▶ **MATERIAL TO PROCESS**

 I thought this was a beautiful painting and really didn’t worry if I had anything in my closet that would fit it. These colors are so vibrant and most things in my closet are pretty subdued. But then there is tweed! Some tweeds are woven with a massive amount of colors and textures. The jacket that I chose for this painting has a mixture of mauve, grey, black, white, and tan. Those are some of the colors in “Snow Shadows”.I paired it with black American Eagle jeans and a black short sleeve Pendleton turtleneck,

--

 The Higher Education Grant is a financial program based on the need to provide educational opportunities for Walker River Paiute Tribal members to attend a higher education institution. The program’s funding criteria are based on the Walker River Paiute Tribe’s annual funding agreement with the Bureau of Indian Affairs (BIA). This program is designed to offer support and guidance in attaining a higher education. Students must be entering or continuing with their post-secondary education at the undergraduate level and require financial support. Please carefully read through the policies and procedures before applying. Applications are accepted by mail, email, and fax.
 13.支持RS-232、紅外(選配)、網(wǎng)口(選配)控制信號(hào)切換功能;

==

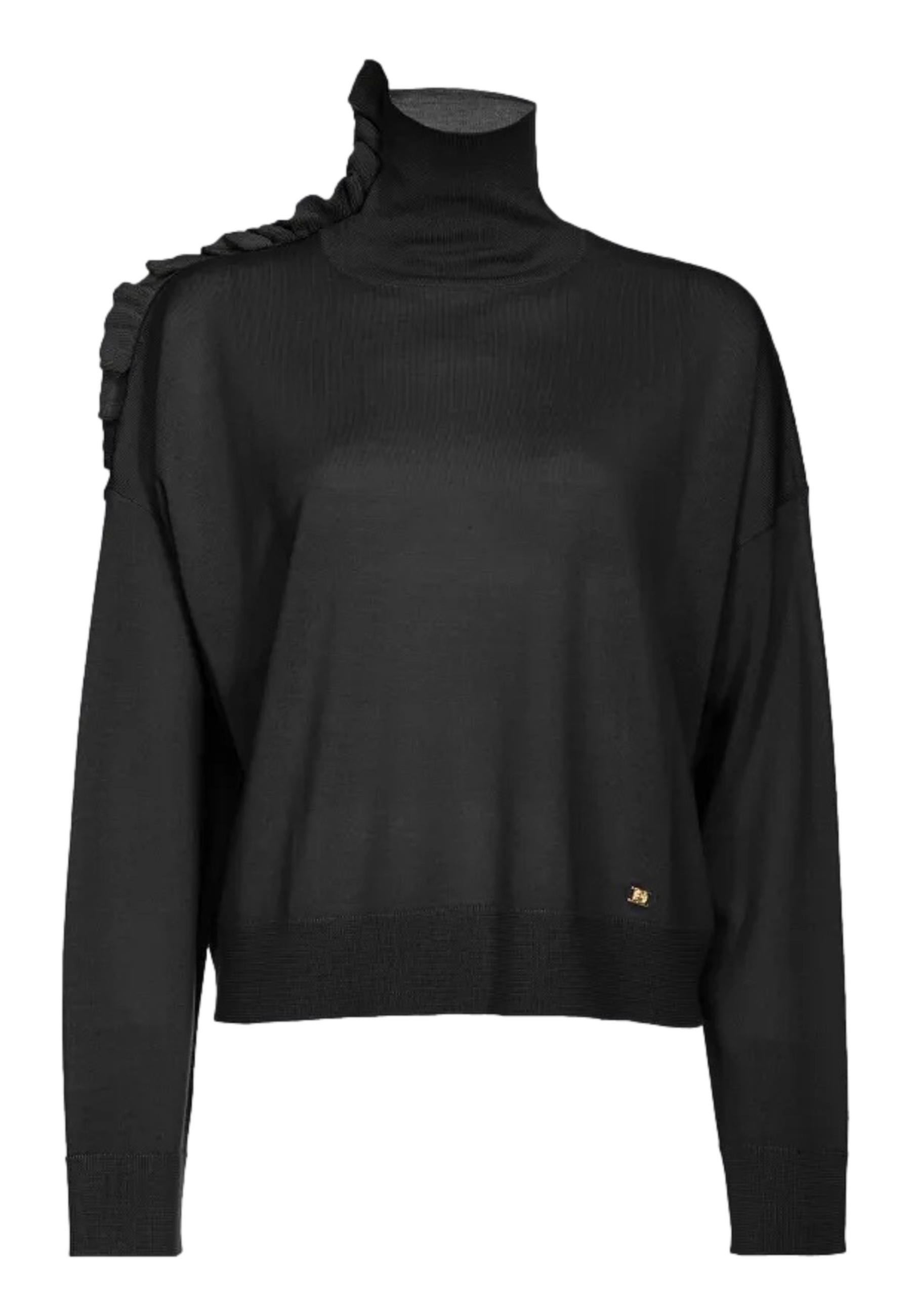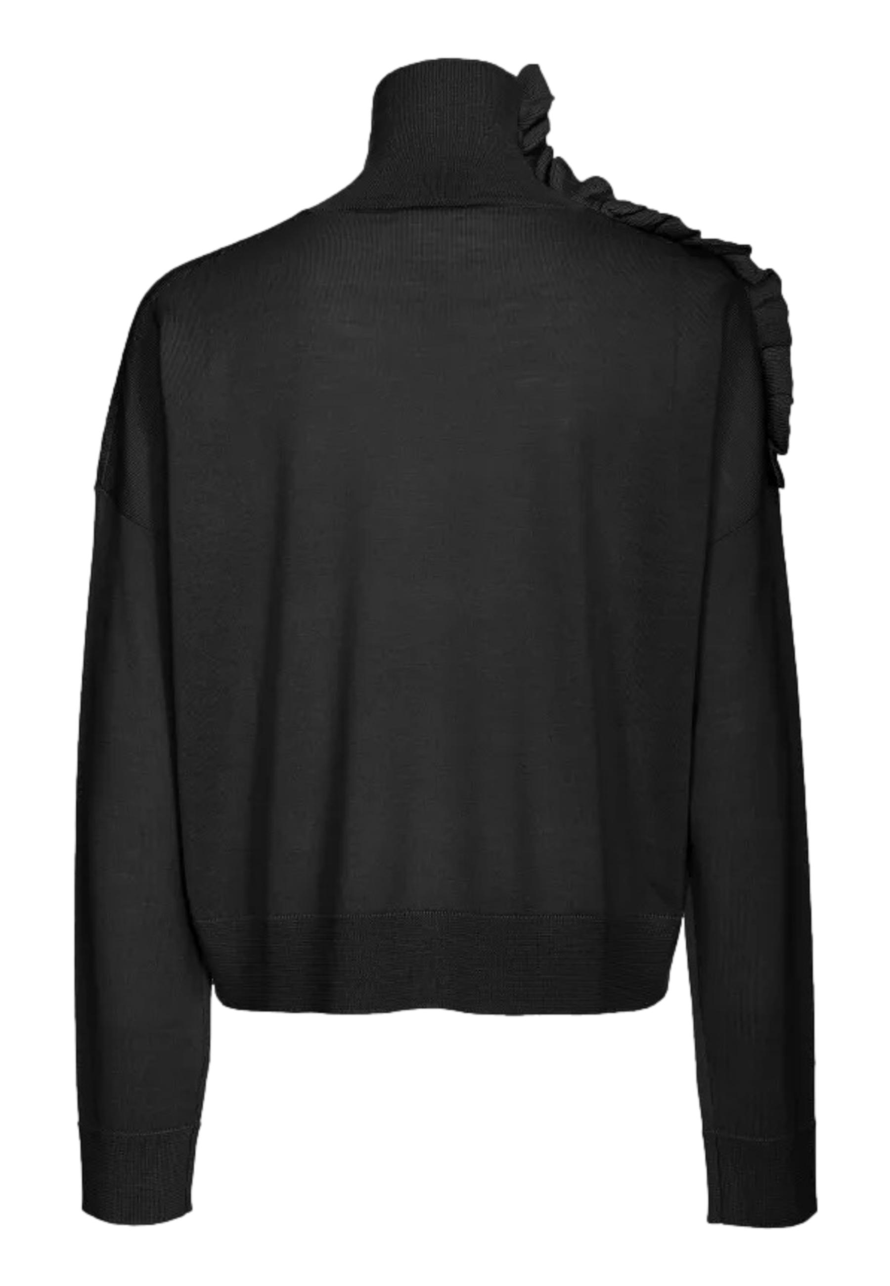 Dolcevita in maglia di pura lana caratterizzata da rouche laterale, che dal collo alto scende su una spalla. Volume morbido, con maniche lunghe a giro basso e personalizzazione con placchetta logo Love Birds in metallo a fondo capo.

▶ **WORK TASK**
Go through the data above and copy each line that holds the word "with".

▶ **RESULT OF THIS TASK**
 I thought this was a beautiful painting and really didn’t worry if I had anything in my closet that would fit it. These colors are so vibrant and most things in my closet are pretty subdued. But then there is tweed! Some tweeds are woven with a massive amount of colors and textures. The jacket that I chose for this painting has a mixture of mauve, grey, black, white, and tan. Those are some of the colors in “Snow Shadows”.I paired it with black American Eagle jeans and a black short sleeve Pendleton turtleneck,
 The Higher Education Grant is a financial program based on the need to provide educational opportunities for Walker River Paiute Tribal members to attend a higher education institution. The program’s funding criteria are based on the Walker River Paiute Tribe’s annual funding agreement with the Bureau of Indian Affairs (BIA). This program is designed to offer support and guidance in attaining a higher education. Students must be entering or continuing with their post-secondary education at the undergraduate level and require financial support. Please carefully read through the policies and procedures before applying. Applications are accepted by mail, email, and fax.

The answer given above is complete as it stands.